Type 1 diabetes (T1D) is a multifactorial disease in which the insulin producing β-cells of the pancreas are destroyed by the immune system, a process determined by the activity of major histocompatibility complex (MHC)-restricted T lymphocytes. This disease is regulated by the interaction among a number of alleles scattered throughout the genome. For Chinese population, the results of a number of case-control studies were not totally consistent. In this paper, we studied 23 case-control reports about the relavance of HLA-DQ, DR allele polymorphism and T1D in the Chinese Han population using meta-analysis and we provide evidence-based medical evidence to analyze HLA genetic susceptibility of T1D in this population.
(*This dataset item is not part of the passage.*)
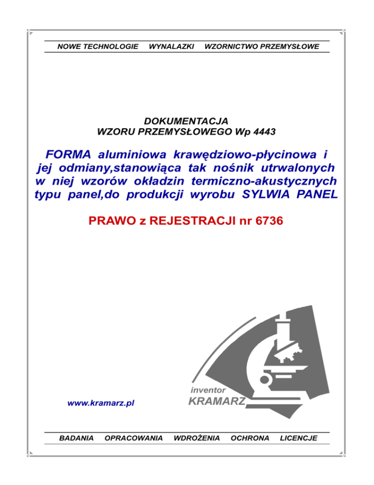 NOWE TECHNOLOGIE WYNALAZKI WZORNICTWO PRZEMYSŁOWE DOKUMENTACJA WZORU PRZEMYSŁOWEGO Wp 4443 FORMA aluminiowa krawędziowo-płycinowa i jej odmiany,stanowiąca tak nośnik utrwalonych w niej wzorów okładzin termiczno-akustycznych typu panel,do produkcji wyrobu SYLWIA PANEL PRAWO z REJESTRACJI nr 6736 www.kramarz.pl BADANIA OPRACOWANIA WDROśENIA OCHRONA LICENCJE Dokumentacja zgł. wzoru przemysłowego - Wp 4443 - z dnia 06.11.2003r.- opis - str.1 Forma aluminiowa krawędziowo-płycinowa i jej odmiany, stanowiąca tak nośnik utrwalonych w niej wzorów okładzin termiczno-akustycznych typu panel, do produkcji wyrobu "SYLWIA PANEL" Przedmiotem wzoru przemysłowego jest jego siedem (7) odmian formy aluminiowo-płycinowej przeznaczonej do przemysłowej i wysoce wydajnej produkcji wyrobu w postaci okładziny ściennej typu panel o nazwie handlowej tego wyrobu "Sylwia Panel". Formy w ich kolejnych odmianach, stanowią i są nośnikiem tak utrwalonych w nich wzorów róŜnych okładzin ściennych albo/i innych typu panel skończony w postaci listwy lub kasetonu o funkcji uŜytkowej termicznej,akustycznej i wykończeniowej. Formy w swych odmianach i konstrukcji dzielą się na jednostronne i dwustronne oraz proste i łamane zawiasami i róŜnie. Formy jednostronne posiadają jednostronnie utrwalony w niej wzór jednego wyrobu natomiast dwustronne,dwustronnie utrwalony w niej wzór dwóch róŜnych wyrobów lub dwóch tak samych. Formy jedno lub dwustronne proste pozwalają na/i produkcję z nich jednego lub dwóch wzorów panela,listwy lub kasetona. Formy łamane,zawiasami wzdłuŜnie,skośnie i poprzecznie tak rozmieszczonymi w miejscu przecięcia form pozwalają w zaleŜności od utrwalonego w niej wzoru tak powstałego przecinaniem i łączeniem płyciny formy,na wyprasowanie i usunięcie z niej kaŜdego wzoru wyrobu, zwłaszcza formowanego czterostronnie lub sześciostronnie tak z okleinowaniem jak i bez. Formy jednostronne proste lub łamane składane z dwóch tak/i prostych,łamanych lub przemiennie stronami z wzorem utrwalonym do siebie tworzą nową postać formy i wzoru w niej utrwalonego o kształcie zamkniętego lub półzamkniętego naczynia.Tak powstałe naczynie z dwóch form (foremników) tworzy trzy następne,kolejne odmiany wzoru formy aluminiowo-płycinowej. Formy w swych odmianach jako wytwór i przedmiot mogą tak/i być wytwarzane w sposób przemysłowy jako kształtowniki lub rzemieślniczy metodą dzielenia i łączenia kształtowników na nowej płycinie,metodą na zawias,metodą na trwałe czy odlewu. Cechą istotną wzoru przemysłowego i jego kolejnych odmian w tym znamiennie ją wyDokumentacja zgł. wzoru przemysłowego - Wp 4443 - z dnia 06.11.2003r.- opis - str.1 PRAWO NR 6736 Wszelkie prawa zastrzeŜone na rzecz Józef Kramarz Dokumentacja zgł. wzoru przemysłowego - Wp 4443 - z dnia 06.11.2003r.- opis - str.2 róŜniającą i odróŜniającą jest kształt wewnętrzny formy jednostronnej, dwustronnej i złoŜonej ustalony linią konturów przekroju poprzecznego form tak zawarty od punktu (a) do punktu (b) podstawy lub wierzchołka formy oraz od punktu (a) poprzez (b i a) do punktu (b) w/i formie złoŜonej z dwóch foremników,tj.form jedno lub dwustronnych. Formy jednostronne i dwustronne korzystnie wykonane są jako kształtowniki aluminiowe w postaci i kształcie listwy szerokości zewnętrznej stałej i długości róŜnej od 2.5 do 6 metrów oraz wysokości róŜnej,zaleŜnej od wykonywanego wyrobu. Formy jednostronne i dwustronne do produkcji kasetonu mają kształt kwadratu,zaleŜny wymiarami zewnętrznymi i wewnętrznymi od wykonywanego nimi wyrobu,wykonywane rzemieślnicze. Tak wykonane formy kształtem i zwłaszcza linią wewnętrzną jej konturów wewnętrznych utrwalają sobą i w sobie jako tzw. nośnik,wzór wykonywanego nią wyrobu w postaci listwy, kasetonu i słuŜą tak do jego kopiowania lub/i zwielokrotnienia. Siedem odmian podstawowych wzoru przemysłowego formy,Fig.1,2,3,4,5,6 i 7 pozwala w zaleŜności od konfiguracji złoŜeń z nich na tworzenie dalszych, minimum trzech odmian ich wzoru. Nadto, płycina kaŜdej z form moŜe być metodą wybrania Fig.3 lub metodą dodania Fig.4 wzbogacona o dodatkową linię,wzór. Ponadto,płycina płaska lub wybrana kaŜdej z form moŜe być i stanowi bazę dla dodawania dodatkowej płyciny (wkładki) tak tworzącej i zmieniającej kształt wewnętrzny formy Fig.6 i 8. Oznacza to,Ŝe odmiany podstawowe wzoru przemysłowego formy w swej uniwersalności pozwalają na produkcję kaŜdego wyrobu w postaci płytki,listwy,kasetona wzbogacanego na swej powierzchni płaskiej dowolnym ornamentem tak wklęsłym jak i wypukłym czy mieszanym wklęsło-wypukłym,podnoszącym jego walor. Nadto, pozwala ją na produkcję w/wwyrobów, tak tapicerowanych. Wzór NR.4 formy jednostronnej,przedstawiony w rysunku Fig.4 o prostej płycinie bez wzbogacenia wykorzystywany był/będzie do produkcji utrwalonego w niej wzoru zdobniczego W 7644 wg. sposobu P 293705 oraz metody P 345226 w/i sposobie P 346435. Dla wzoru wyrobu pt. Płytka panelowa,chronionego świadectwem ochronnym NR 12167 i autorskim NR 5800 o nazwie handlowej w/i czasie obrotu nim SYLWIA PANEL wydano uprawnionemu dwie Oceny Higieniczne Nr B-482/94 przez PZH Dokumentacja zgł. wzoru przemysłowego - Wp 4443 - z dnia 06.11.2003r.- opis - str.2 PRAWO NR 6736 Wszelkie prawa zastrzeŜone na rzecz Józef Kramarz Dokumentacja zgł. wzoru przemysłowego - Wp 4443 - z dnia 06.11.2003r.- opis - str.3 dla okładziny ściennej SYLWIA PANEL w okleinach z drzew oraz sztucznej skóry. Wzór NR.1 formy jednostronnej, przedstawiony w rysunku Fig.1 jako kształtownik,tak stanowiący tajemnicę wykonywany był i będzie wg.matrycy A-6298 uprawnionego jej twórcy/właściciela. Wzór NR. 7 formy dwustronnej, przedstawiony w/na rysunku Fig.7 jako kształtownik,tak stanowiący tajemnicę,wykonywany był i będzie wg.matrycy A6365,uprawnionego jej twórcy/właściciela. Wzór NR.1 fo
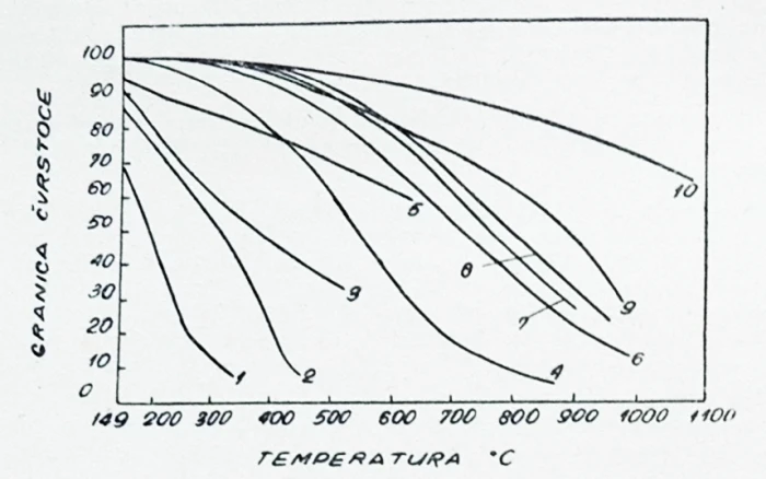 Karakteristike postojećih legura prikazane su na slici 5. Na grafikonu su nanesene zavisnosti relativne granice čvrstoće na istezanje (u odnosu na granicu čvrstoće na sobnoj temperaturi) od temperature. Po svojoj suštini granica čvrstoće na istezanje ima istu vrednost kao i granica puzanja pri vrlo kratkom vremenu dejstva. Sa izvesnim izuzecima, grafikoni potvrđuju pretpostavku o povećanju granice puzanja pri povišenju temperature topljenja osnovnog metala legure.

Information retrieval and collection
Access to relative literatures about the HLA-DQ, DR allele polymorphism in the Chinese Han population was obstained through CNKI Chinese Journal Full Text Special Database and PUBMED. Key words for retrieval were: "HLA-DQ, HLA-DR, type 1 diabetes and allele polymorphism" and the period searched was from January 1980 to December 2007.
General description of the quality of the literature
The following criteria were used to select studies for inclusion in this meta-analysis: published literature which can be accessed with the full text; Research focused on the relationship between HLA-DQ, DR alleles and T1D; Case-control studies; Study subjects within the Chinese population of mainly Han nationality; Case studies including the case group and the normal control group; Diagnosis of T1D is in line with WHO standards; Cases in the control group are healthy adults from the same area which are matched for gender and nationality in order to exclude the children who may develop T1D in the future. The content of the samples were clearly defined; Containing enough case volume information to compare HLA-DQ, DR genetic distribution differences between case and control groups. HLA involves multiple alleles and the selected literature provided the ratio of cases carrying the susceptible (or protective) alleles and the total number of cases. Hard-Weinberg test was used only for the literatures including the proportion of the alleles. Literature was excluded in which the implementation and published time of the study was unclear or those contained repeated reports. We checked the PCR primer sequence in GeneBank (http://www.ncbi.nlm.nih.Gov/genebank/index.html) to confirm that the selected genes were the target genes.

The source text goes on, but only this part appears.